INPUT DATA:
▼
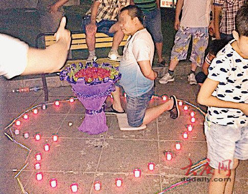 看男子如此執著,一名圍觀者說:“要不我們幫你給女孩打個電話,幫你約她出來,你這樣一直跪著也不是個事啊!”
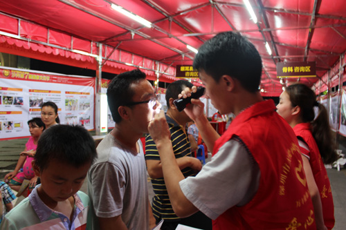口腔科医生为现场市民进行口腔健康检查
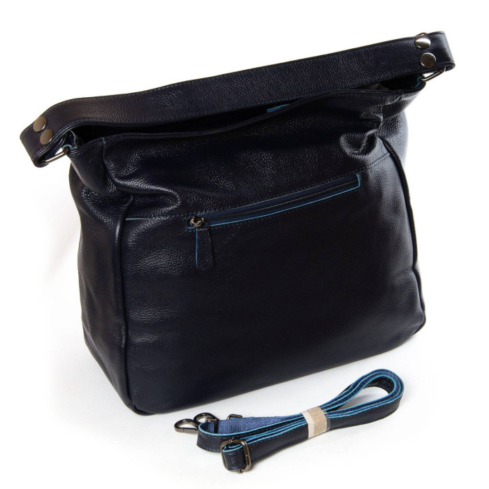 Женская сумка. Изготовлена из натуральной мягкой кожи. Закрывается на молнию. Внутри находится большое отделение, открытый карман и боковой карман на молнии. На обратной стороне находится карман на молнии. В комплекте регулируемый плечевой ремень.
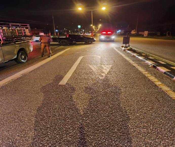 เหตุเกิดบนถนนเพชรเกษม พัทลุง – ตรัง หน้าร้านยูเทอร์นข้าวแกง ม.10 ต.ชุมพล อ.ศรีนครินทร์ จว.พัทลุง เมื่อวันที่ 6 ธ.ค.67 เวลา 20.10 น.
▲
EXERCISE DIRECTIONS: Restate the listing above word for word, and skip the pictures.

FINISHED EXERCISE:
 看男子如此執著,一名圍觀者說:“要不我們幫你給女孩打個電話,幫你約她出來,你這樣一直跪著也不是個事啊!”
口腔科医生为现场市民进行口腔健康检查
 Женская сумка. Изготовлена из натуральной мягкой кожи. Закрывается на молнию. Внутри находится большое отделение, открытый карман и боковой карман на молнии. На обратной стороне находится карман на молнии. В комплекте регулируемый плечевой ремень.
 เหตุเกิดบนถนนเพชรเกษม พัทลุง – ตรัง หน้าร้านยูเทอร์นข้าวแกง ม.10 ต.ชุมพล อ.ศรีนครินทร์ จว.พัทลุง เมื่อวันที่ 6 ธ.ค.67 เวลา 20.10 น.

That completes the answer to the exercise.